7. Linda is an insurance salesperson.
8. Linda is a bank teller and is active in the feminist movement.

Note that “8. Linda is a bank teller and is active in the feminist movement” is a conjunction of “3. Linda is active in the feminist movement” and “6. Linda is a bank teller”.

Tversky and Kahneman found in a sample of students that 88% ranked 3 before 8 before 6. “6. Linda is a bank teller” was rated less probable than “8. Linda is a bank teller and is active in the feminist movement”.

To understand why this is an error, recall that the probability of the conjunction of two outcomes is as follows:

P(A\cap B)=P(A|B)P(B)=P(B|A)P(A)

If P(A|B)<1 and P(B|A)<1, P(A\cap B) must be less than P(A) or P(B).

One explanation for why people make this error relates to the representativeness heuristic.

Tversky and Kahneman constructed the description of Linda to be representative of a feminist and unrepresentative of a bank teller.
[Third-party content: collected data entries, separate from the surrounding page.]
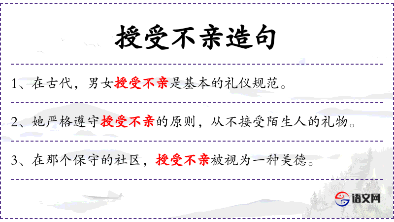- 授受不亲:成语,意指在人际交往中保持距离,不轻易接受或给予。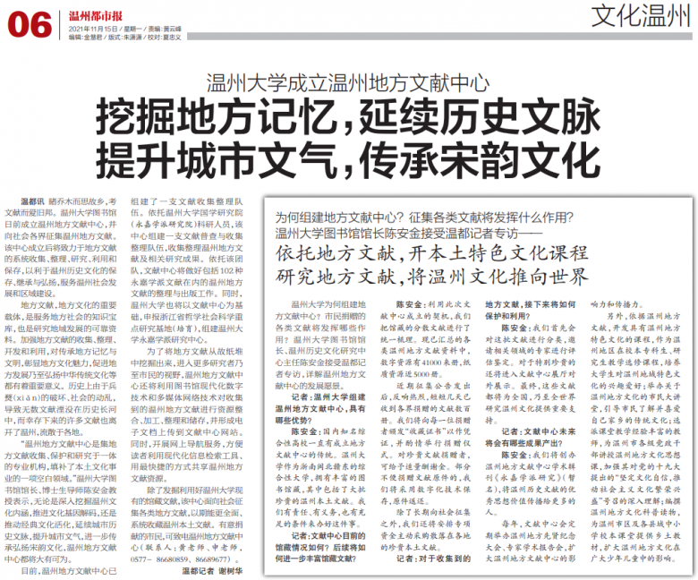 为何组建地方文献中心?征集各类文献将发挥什么作用?温州大学图书馆馆长陈安金接受温都记者专访——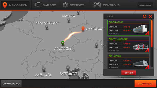 3、驾驶车辆前往地图上的绿色标记区域接取任务,根据货物类型和路线选择合适的工作,点击“GET JOB”确认领取。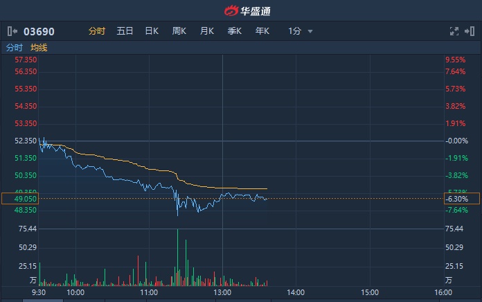 智通财经APP获悉,美团点评(03690)延续绩后弱势,今日震荡下行,跌幅一度扩大至8%,截至13时35分,跌6.3%,报49.05港元,成交额达6.692亿港元。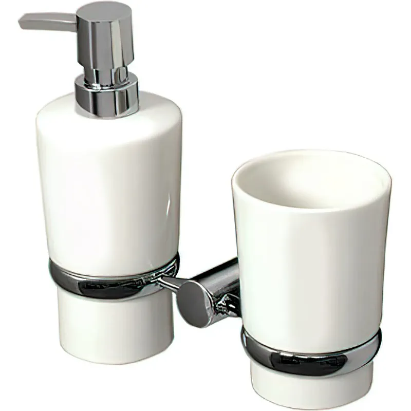 Дозатор для жидкого мыла WasserKRAFT K-28289 со стаканом для зубных щеток.Характеристики: Цвет: хром, белый. Материал: металл, фарфор. Уплотнительные пластиковые кольца. Покрытие: хромоникелевое. Монтаж: настенный. В комплекте поставки: Стакан. Дозатор жидкого мыла. Держатель двойной.

If people use the representativeness heuristic to order the statements, they will likely rank 8 above 6.

The Linda Problem is one of the most heavily debated experiments in the social sciences.

For example, Hertwig and Gigerenzer (1999) argue that people infer non-mathematical meaning to the word “probability”, taking it to mean “plausible” or “credible”.
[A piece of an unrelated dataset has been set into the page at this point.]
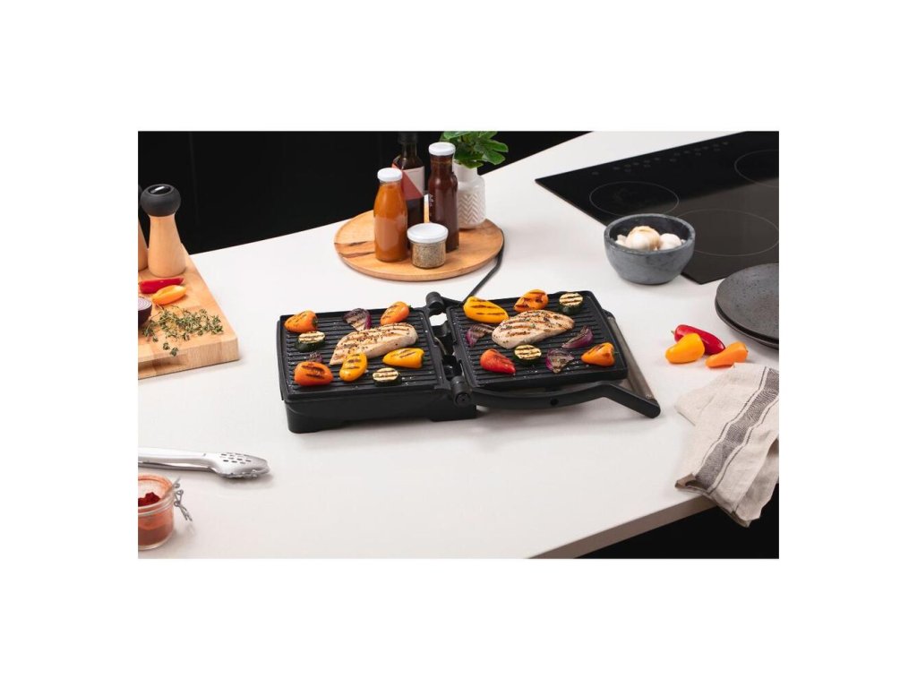 - Môžete ho použiť ako kontaktný gril alebo ako plochý otvorený gril.

While this is possibly a fair critique of the Linda problem, other illustrations of the conjunction fallacy appear more robust.

For example, Tversky and Kahneman (1983) created this example involving rolls of a die:

Consider a regular six-sided die with four green faces and two red faces. The die will be rolled 20 times and the sequence of greens (G) and reds (R) will be recorded. You are asked to select one sequence, from a set of three, and you will win \$25 if the sequence you chose appears on successive rolls of the die. Please check the sequence of greens and reds on which you prefer to bet.

1. RGRRR

2. GRGRRR

3. GRRRRR

65% of experimental subjects chose sequence 2. It appears more “representative” of a die with four green faces and two red faces. But note that 1 is contained within 2 and is strictly more likely. The fact subjects are betting on the outcome should remove doubt about interpretation.

## 35.2 Base-rate neglect

The base rate is the probability of an outcome unconditional on any evidence.

For example, if 1% of the population has COVID-19 and the remainder doesn’t, the base rate of COVID-19 is 1%. If you were to obtain evidence that someone has COVID-19, such as a positive COVID-19 test, you would use that base rate in determining the conditional probability that they have the disease.

Base rate neglect is the failure to consider an event’s base rate when making a judgment.

### 35.2.1 The cab problem

One illustration of base-rate neglect comes from the cab problem by Tversky and Kahneman (1982). It involves the following story:

A cab was involved in a hit and run accident at night. Two cab companies, the Green and the Blue, operate in the city. Participants are given the following data:

1. 85% of the cabs in the city are Green, 15% are Blue.

2. A witness identified the cab as Blue. The court tested the reliability of the witness under the same circumstances that existed on the night of the accident and concluded that the witness correctly identified each one of the two colours 80% of the time.

What is the probability that the cab involved in the accident was Blue rather than Green?

In the experiment, the median and modal answer was 80%.

The experimental result indicates confusion between conditional probabilities. The experimental participants were confusing the probability of the witness identifying a blue cab given that the cab was blue, with the probability of the cab being blue given that the witness identified it as blue. However, we need to use Bayes’ rule to calculate the probability of the cab being blue, given that the witness identified it as blue.

\underbrace{P(\text{claim blue}|\text{blue})}_{80\%}\neq \underbrace{P(\text{blue}|\text{claim blue})}_{\text{Requires Bayes' rule}}

The experimental subjects effectively neglected the rarity of blue cabs. A witness seeing a blue cab is representative of what would occur if the cab were blue.

The correct answer is as follows:

\begin{align*} P(\text{blue}|\text{claim blue})&=\frac{P(\text{claim blue}|\text{blue})P(\text{blue})}{P(\text{claim blue})} \\[12pt] &=\frac{P(\text{claim blue}|\text{blue})P(\text{blue})}{\Bigg(\begin{aligned}P(&\text{claim blue}|\text{blue})P(\text{blue})\\&+P(\text{claim blue}|\neg\text{blue})P(\neg\text{blue})\end{aligned}\Bigg)} \\[30pt] &=\frac{0.8\times 0.15}{0.8\times 0.15+0.2\times 0.85} \\[12pt] &=0.41 \end{align*}

### 35.2.2 Medical diagnosis

We can also see base rate neglect in the context of diagnosing a rare disease.

Consider the following problem:

You test yourself for COVID-19. The following information is known:

• The probability that a person has COVID-19 is 1% (the prevalence).

• If a person has COVID-19, the probability that they test positive is 90% (the sensitivity).

• If a person does not have COVID-19, the probability that they nevertheless test positive is 9% (the false positive rate).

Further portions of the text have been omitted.